### Task goal
Nothing but an exact repeat of the data, with pictures removed, belongs in the answer.

### Excerpted data
■ ■ ■
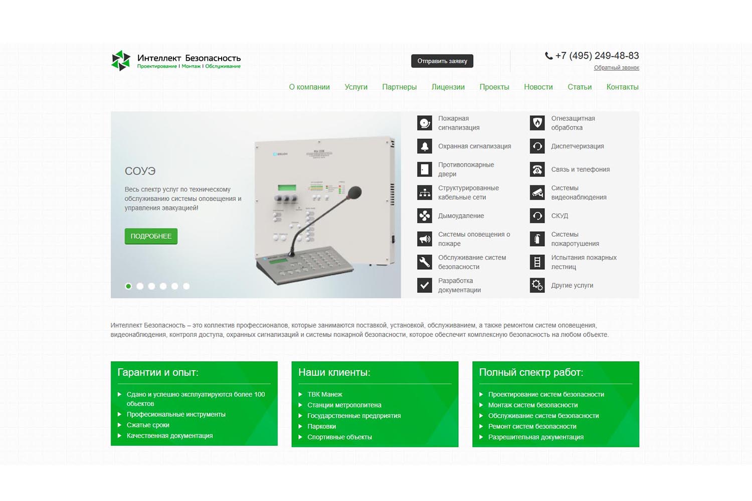 Компания «Интеллект Безопасность» осуществляет проектирование, монтаж и обслуживание систем безопасности коммерческим и государственным организациям в Москве и Московской области. Среди проектов — здания РЖД, подземные городские парковки и торговые центры.
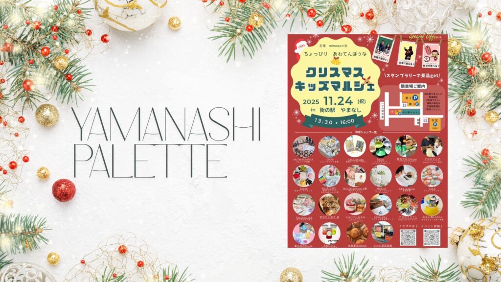 今年の冬、山梨市で子どもたちの笑顔があふれる素敵なイベントが開催されます! その名も 「ちょっぴりあわてんぼうなクリスマスキッズマルシェ」。 子どもたちにさまざまな体験をしてほしい──そんな思いから、子育て中のママたちが企画した温かいイベント... -
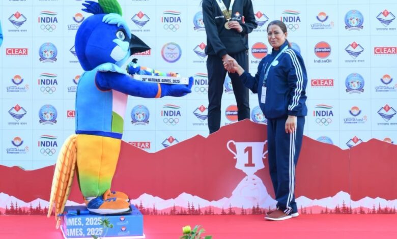 उत्तराखंड में आयोजित हो रहे 38वें नेशनल गेम्स में सोमवार दस फरवरी को एथलेटिक्स प्रतियोगिताएं हुई. तीन हजार मीटर की स्टीपलचेज दौड़ में उत्तराखंड की खिलाड़ी अंकिता ध्यानी ने गोल्ड मेडल जीता है. उत्तराखंड की खेल मंत्री रेखा आर्य ने खुद अंकिता ध्यानी को अपने हाथों से मेडल पहराया. इस मौके पर अंकिता ने कहा कि इस नेशनल गेम्स के लिए उन्होंने इंटरनेशनल मैच से ज्यादा मेहनत की थी. क्योंकि यह प्रदर्शन उनके अपने राज्य के लिए था।तीन हजार मीटर की स्टीपलचेज दौड़ को अंकिता ध्यानी ने 9:53.63 मिनट में पूरा किया। पहले नंबर पर जहां अंकिता ध्यानी रही तो वहीं दूसरे नंबर मध्य प्रदेश की मंजू यादव रही. मंजू यादव ने 10:15.70 मिनट में तीन हजार मीटर की स्टीपलचेज दौड़ को पूरा कर सिल्वर मेडल जीता. इन दोनों के अलावा उत्तर प्रदेश की रेबी पाल ने 10:37.15 मिनट ने इस रेस को पूरा कर ब्रॉन्च जीता।
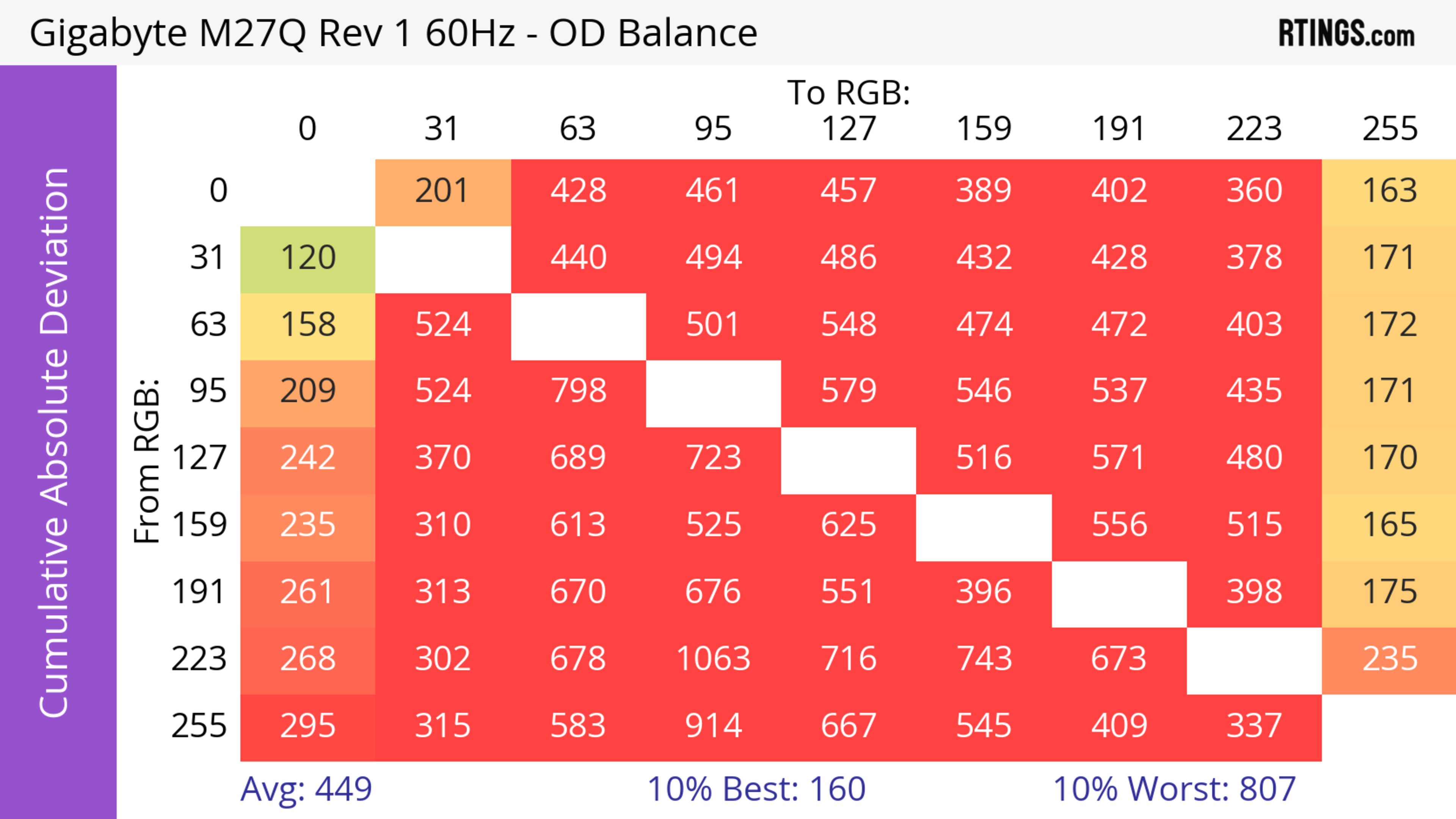 The Giabyte M27Q has decent motion handling across its refresh rate range, but there's still some motion blur with fast-moving objects. The 'Picture Quality' Overdrive setting performs consistently the best, while the other settings get much worse at lower refresh rates. The 'Smart OD' setting acts as a variable overdrive where it's meant to change the overdrive based on the refresh rate, but it performs like 'Balance'.
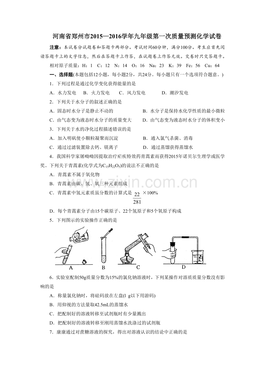 河南省郑州市2015—2016学年九年级第一次质量预测化学试卷
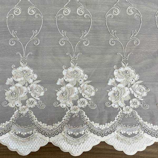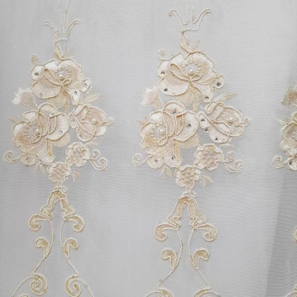 Tessuto per tende in tulle ricamato rose con perline e Swarovski Alt.300 cm
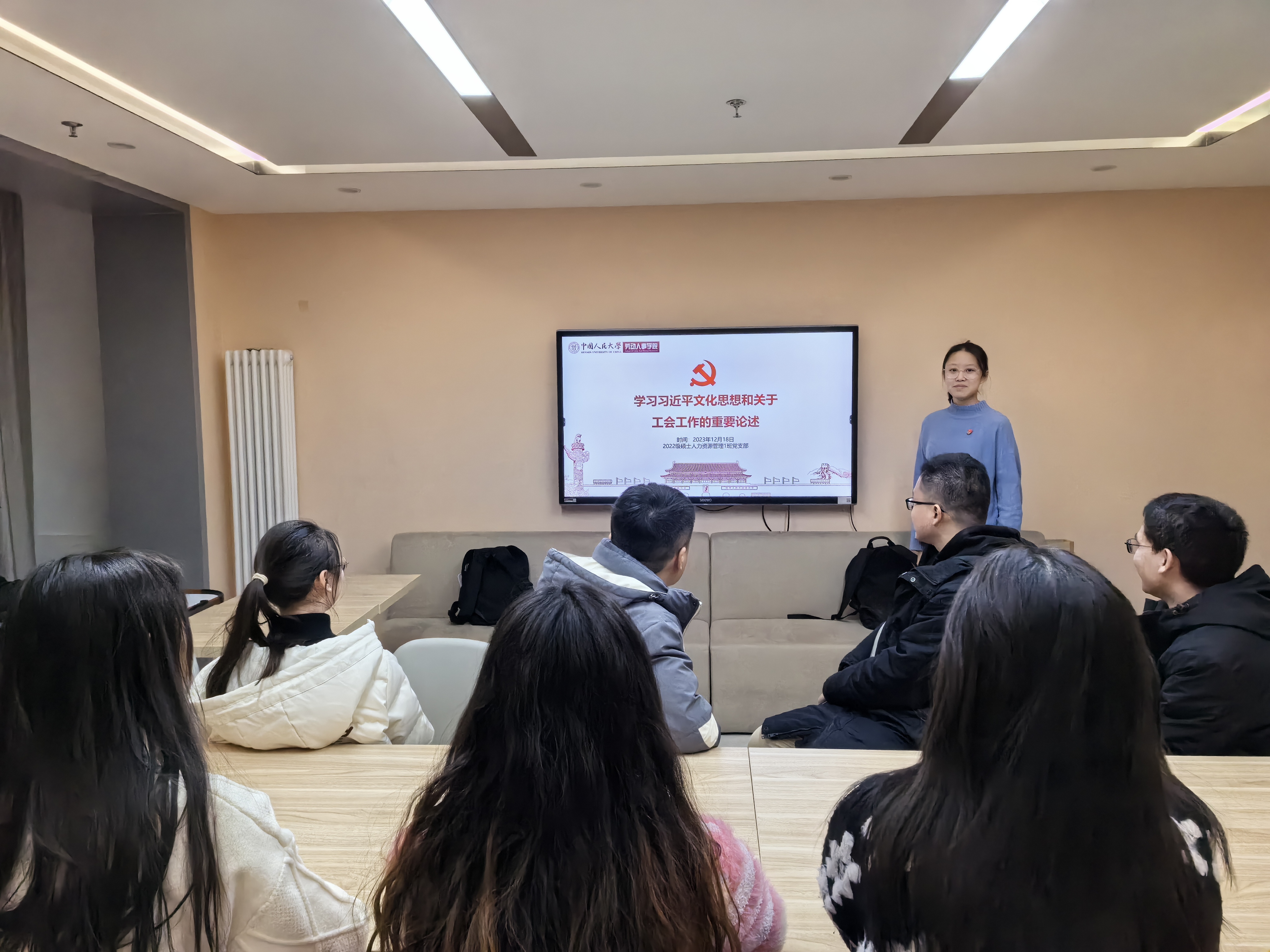 2023年12月18日,WilliamHill体育2022级硕士人力资源管理1班党支部开展“学习习近平文化思想和关于工会工作的重要论述”主题党日活动。本次活动由党支部副书记杨欣悦主持,支部党员及入党积极分子共同参加。
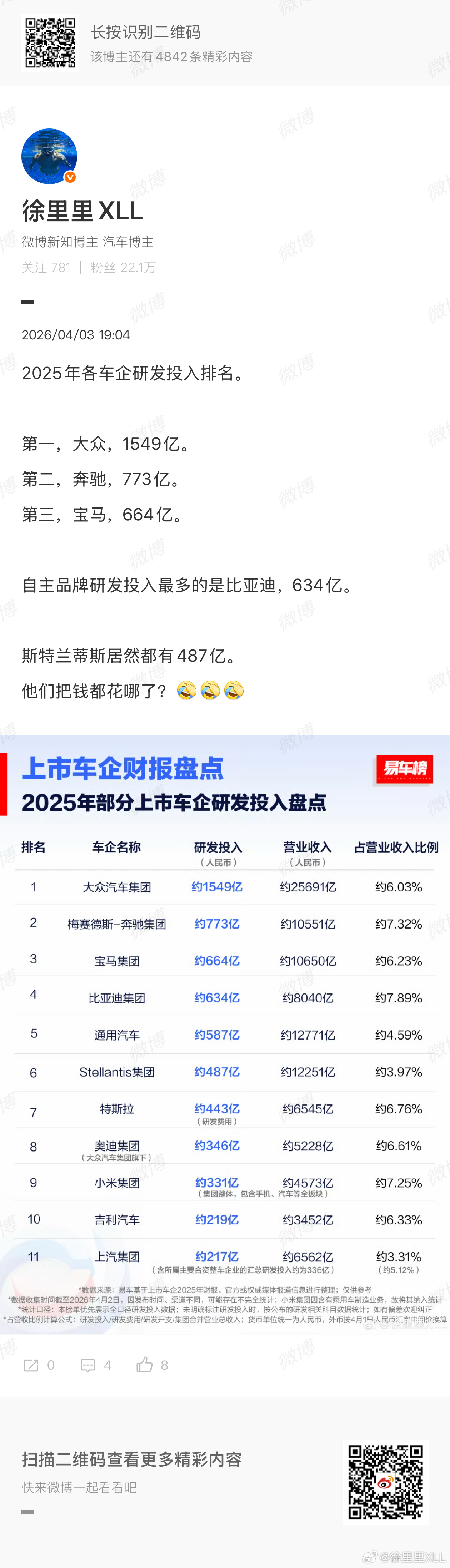 当然,这个东西并不能实际反应车企的实际技术水平。臃肿的管理结构可能会导致研发投入的飙升。精益生产的理念也会让每一分钱都花在刀刃上。
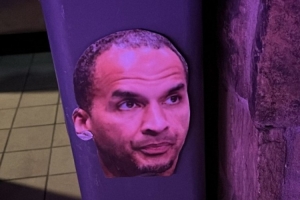 蝦仁豬心!俠記曬照:達(dá)拉斯一酒吧外的垃圾桶上貼著哈里森頭像
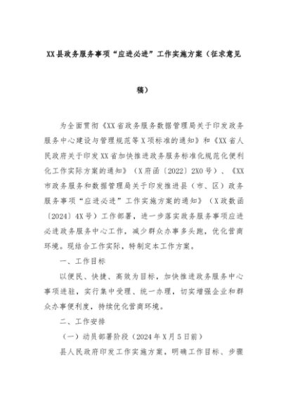 【七哥公文】2024年:XX县政务服务事项“应进必进”工作实施方案(征求意见稿)+更多免费公文+VX:QiGeGongWen2024
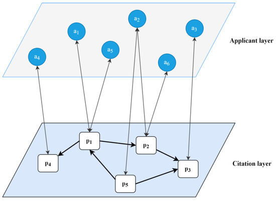 As can be seen from Figure 5, the heterogeneous applicant-citation network structure consists of two layers, the applicant layer and the citation layer. The applicant layer includes all applicants in the dataset, the citation layer is the patents’ citation network, where node denotes patent and edge denotes citation relationship. Linking applicant layer and citation layer by patent’s application number. There are no edges between applicants, which differs from other paper/author networks such as the one proposed by Zhou et al. [57], Sun et al. [58], and West et al. [59]. As the links between applicants may make applicant social networks dominate the ranking system, in our study the ranking should be directed mainly by patents, rather than applicants’ information. Therefore, we exclude the links between co-applicants in the applicant layer, and the undirected link of the applicant-patent is represented by a bidirectional link as Figure 5 shown. We treat the applicant-patent link as a citation link and use the citation-based ranking metrics to analyze the significance of patents on this network.
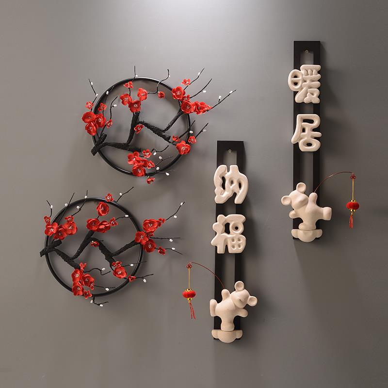 暖居创意墙上装饰品新中式梅花挂件客厅电视柜沙发背景墙名宿壁饰
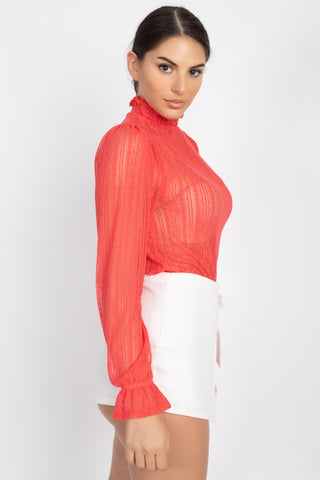 Introducing our Ruffle Mock Neck Lace Top, a sophisticated and stylish addition to your wardrobe. Crafted with care, this knit lace top features a mock neckline adorned with ruffle trim, shirred shoulders, long sleeves with bell cuffs, and a waist-length silhouette. The delicate design and high-quality fabric make this top a versatile choice for various occasions. Choose the vibrant and lively Coral color to infuse a touch of warmth and style into your ensemble.
■ ■ ■
### Solution below
 Компания «Интеллект Безопасность» осуществляет проектирование, монтаж и обслуживание систем безопасности коммерческим и государственным организациям в Москве и Московской области. Среди проектов — здания РЖД, подземные городские парковки и торговые центры.
 今年の冬、山梨市で子どもたちの笑顔があふれる素敵なイベントが開催されます! その名も 「ちょっぴりあわてんぼうなクリスマスキッズマルシェ」。 子どもたちにさまざまな体験をしてほしい──そんな思いから、子育て中のママたちが企画した温かいイベント... -
 उत्तराखंड में आयोजित हो रहे 38वें नेशनल गेम्स में सोमवार दस फरवरी को एथलेटिक्स प्रतियोगिताएं हुई. तीन हजार मीटर की स्टीपलचेज दौड़ में उत्तराखंड की खिलाड़ी अंकिता ध्यानी ने गोल्ड मेडल जीता है. उत्तराखंड की खेल मंत्री रेखा आर्य ने खुद अंकिता ध्यानी को अपने हाथों से मेडल पहराया. इस मौके पर अंकिता ने कहा कि इस नेशनल गेम्स के लिए उन्होंने इंटरनेशनल मैच से ज्यादा मेहनत की थी. क्योंकि यह प्रदर्शन उनके अपने राज्य के लिए था।तीन हजार मीटर की स्टीपलचेज दौड़ को अंकिता ध्यानी ने 9:53.63 मिनट में पूरा किया। पहले नंबर पर जहां अंकिता ध्यानी रही तो वहीं दूसरे नंबर मध्य प्रदेश की मंजू यादव रही. मंजू यादव ने 10:15.70 मिनट में तीन हजार मीटर की स्टीपलचेज दौड़ को पूरा कर सिल्वर मेडल जीता. इन दोनों के अलावा उत्तर प्रदेश की रेबी पाल ने 10:37.15 मिनट ने इस रेस को पूरा कर ब्रॉन्च जीता।
 The Giabyte M27Q has decent motion handling across its refresh rate range, but there's still some motion blur with fast-moving objects. The 'Picture Quality' Overdrive setting performs consistently the best, while the other settings get much worse at lower refresh rates. The 'Smart OD' setting acts as a variable overdrive where it's meant to change the overdrive based on the refresh rate, but it performs like 'Balance'.
 河南省郑州市2015—2016学年九年级第一次质量预测化学试卷
 Tessuto per tende in tulle ricamato rose con perline e Swarovski Alt.300 cm
 2023年12月18日,WilliamHill体育2022级硕士人力资源管理1班党支部开展“学习习近平文化思想和关于工会工作的重要论述”主题党日活动。本次活动由党支部副书记杨欣悦主持,支部党员及入党积极分子共同参加。
 当然,这个东西并不能实际反应车企的实际技术水平。臃肿的管理结构可能会导致研发投入的飙升。精益生产的理念也会让每一分钱都花在刀刃上。
 蝦仁豬心!俠記曬照:達(dá)拉斯一酒吧外的垃圾桶上貼著哈里森頭像
 【七哥公文】2024年:XX县政务服务事项“应进必进”工作实施方案(征求意见稿)+更多免费公文+VX:QiGeGongWen2024
 As can be seen from Figure 5, the heterogeneous applicant-citation network structure consists of two layers, the applicant layer and the citation layer. The applicant layer includes all applicants in the dataset, the citation layer is the patents’ citation network, where node denotes patent and edge denotes citation relationship. Linking applicant layer and citation layer by patent’s application number. There are no edges between applicants, which differs from other paper/author networks such as the one proposed by Zhou et al. [57], Sun et al. [58], and West et al. [59]. As the links between applicants may make applicant social networks dominate the ranking system, in our study the ranking should be directed mainly by patents, rather than applicants’ information. Therefore, we exclude the links between co-applicants in the applicant layer, and the undirected link of the applicant-patent is represented by a bidirectional link as Figure 5 shown. We treat the applicant-patent link as a citation link and use the citation-based ranking metrics to analyze the significance of patents on this network.
 暖居创意墙上装饰品新中式梅花挂件客厅电视柜沙发背景墙名宿壁饰
 Introducing our Ruffle Mock Neck Lace Top, a sophisticated and stylish addition to your wardrobe. Crafted with care, this knit lace top features a mock neckline adorned with ruffle trim, shirred shoulders, long sleeves with bell cuffs, and a waist-length silhouette. The delicate design and high-quality fabric make this top a versatile choice for various occasions. Choose the vibrant and lively Coral color to infuse a touch of warmth and style into your ensemble.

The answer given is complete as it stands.